**Given material**:
☆ ☆ ☆ ☆ ☆

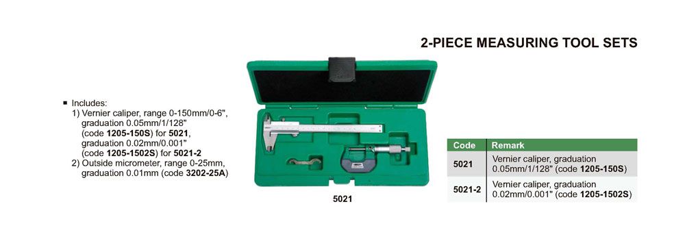 INSIZE 5021-2 2- Piece Measuring Tool Set (0-150mm/0-6", 0-25mm, 0.02mm/0.001") | EMIN.CO.ID
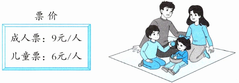 3 一家四口去公园游玩,其中有2个大人,2个儿童。买门票一共需要花多少元?
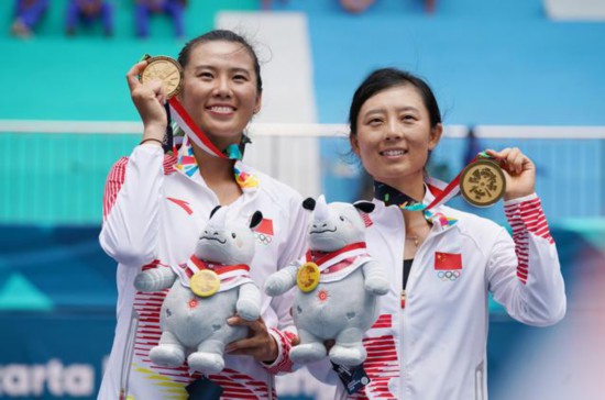 2018年8月25日,徐一璠/杨钊煊(左)在第18届亚运会网球女双领奖台上。新华社记者程敏摄
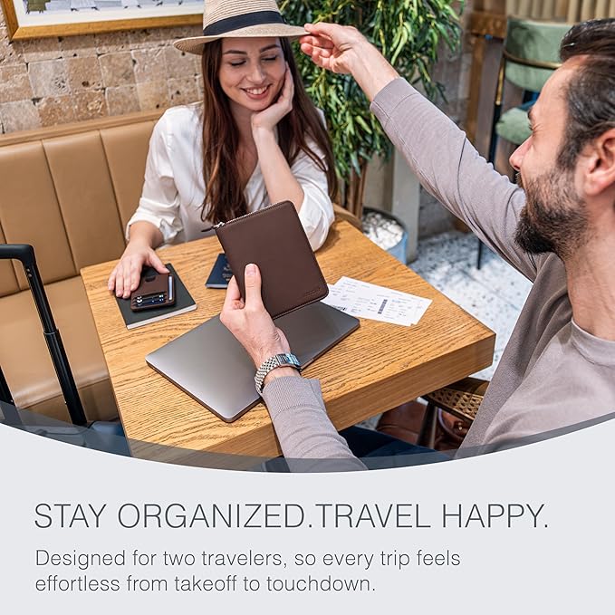 - Compact & Travel-Ready: Measuring 5.1in wide x 6.3in tall, this passport wallet for men and women is the perfect size for two travelers. This couple’s passport holder holds exactly what you need without being too large. Compact and organized, it travels well, sliding easily into your carry-on, backpack, purse, or hotel safe.

☆ ☆ ☆ ☆ ☆

**Instructions for the task**: Word for word, quote the lines above. Omit the pictures.

**Response below**:
 INSIZE 5021-2 2- Piece Measuring Tool Set (0-150mm/0-6", 0-25mm, 0.02mm/0.001") | EMIN.CO.ID
 3 一家四口去公园游玩,其中有2个大人,2个儿童。买门票一共需要花多少元?
 2018年8月25日,徐一璠/杨钊煊(左)在第18届亚运会网球女双领奖台上。新华社记者程敏摄
 - Compact & Travel-Ready: Measuring 5.1in wide x 6.3in tall, this passport wallet for men and women is the perfect size for two travelers. This couple’s passport holder holds exactly what you need without being too large. Compact and organized, it travels well, sliding easily into your carry-on, backpack, purse, or hotel safe.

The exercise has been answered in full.